WAMW
- Washington, Indiana; United States;
- Broadcast area: Montgomery, Indiana, Wheatland, Indiana
- Frequency: 1580 kHz
- Branding: The General 95.9, 101.3, and AM 1580

Programming
- Format: Country
- Affiliations: Townhall News Cincinnati Reds Radio Network

Ownership
- Owner: Dewayne Shake; (Shake Broadcasting, LLC);
- Sister stations: WAMW-FM

History
- First air date: January 1955

Technical information
- Licensing authority: FCC
- Facility ID: 25210
- Class: D
- Power: 500 watts day 5 watts night
- Transmitter coordinates: 38°38′47″N 87°16′48″W﻿ / ﻿38.64639°N 87.28000°W (day) 38°39′4″N 87°9′55″W﻿ / ﻿38.65111°N 87.16528°W (night)
- Translators: 95.9 W240CE (Washington) 101.3 W267CP (Montgomery)

Links
- Public license information: Public file; LMS;
- Webcast: Listen Live
- Website: wamwamfm.com

= WAMW (AM) =

WAMW (1580 kHz) is an AM radio station broadcasting a country music format known as "The General 95.9, 101.3, and AM 1580". It is licensed to Washington, Indiana, United States. The station is currently owned by Dewayne Shake, through licensee Shake Broadcasting, LLC. For many years, WAMW was owned by Greene Electronics, but DLC Media operated the station under a local marketing agreement from late 1999 until mid-2020. The station featured programming from ABC Radio/Citadel Media's Timeless satellite feed.

==History==
WAMW first signed on the air in January 1955 as a daytime-only station on 1580 kHz, licensed to Washington, Indiana. Within months of its debut, the station was acquired by the owners of the local newspaper and FM station WFML (106.5 FM). WAMW and WFML operated as sister stations until the 1980s, when they split, with 106.5 FM eventually being rebranded as WWBL. In 1989, WAMW launched its own new FM sister station, WAMW-FM (107.9 MHz).

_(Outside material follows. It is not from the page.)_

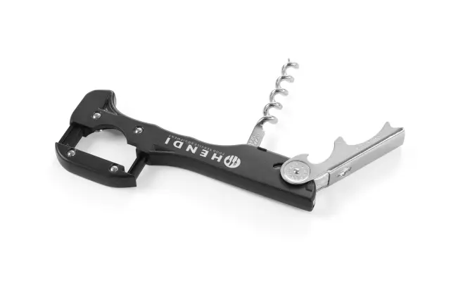 Kyparkorkskruv i rostfritt stål, 3 funktioner, spiral för långa korkar och foil cutter. Rostfritt stål.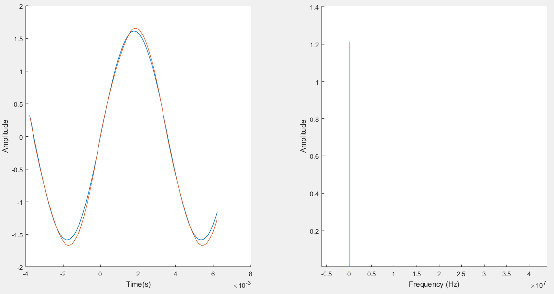 Habe genau zwei Perioden genommen und das Ergebnis ist leider falsch. Entweder sind das doch nicht genau 2 Perioden, wegen der Abtastung, kann ich vllt. nicht genau 2 Perioden haben oder das Programm hat einen Fehler

The AM transmitter facility for WAMW moved from the 106.5 site to its current location, west of downtown Washington, in 1991. The station's studios were later relocated from a downtown location to a converted former bank building on old U.S. 50 west of downtown, where it shares facilities with WAMW-FM.

For many years, WAMW was owned by Greene Electronics, but DLC Media operated the station under a Local Marketing Agreement (LMA) from late 1999 until mid-2020. During this period, the station primarily featured programming from ABC Radio/Citadel Media's Timeless satellite feed. The station is currently owned by Dewayne Shake, through licensee Shake Broadcasting, LLC.

==Programming==
WAMW broadcasts a country music format branded as "The General 95.9, 101.3, and AM 1580", which is simulcast on two FM translators, W240CE (95.9 MHz) in Washington and W267CP (101.3 MHz) in Montgomery. The current country format launched in March 2011.

The station is affiliated with CBS News Radio and has a long-standing affiliation with Brownfield Ag News.

Sports
WAMW is a major sports affiliate in the area. It is a part of the Cincinnati Reds Radio Network, carrying all games for the Major League Baseball team. The station also provides extensive local high school sports coverage for the Washington Hatchet and Barr-Reeve Viking teams.

1580 AM is a Canadian clear-channel frequency.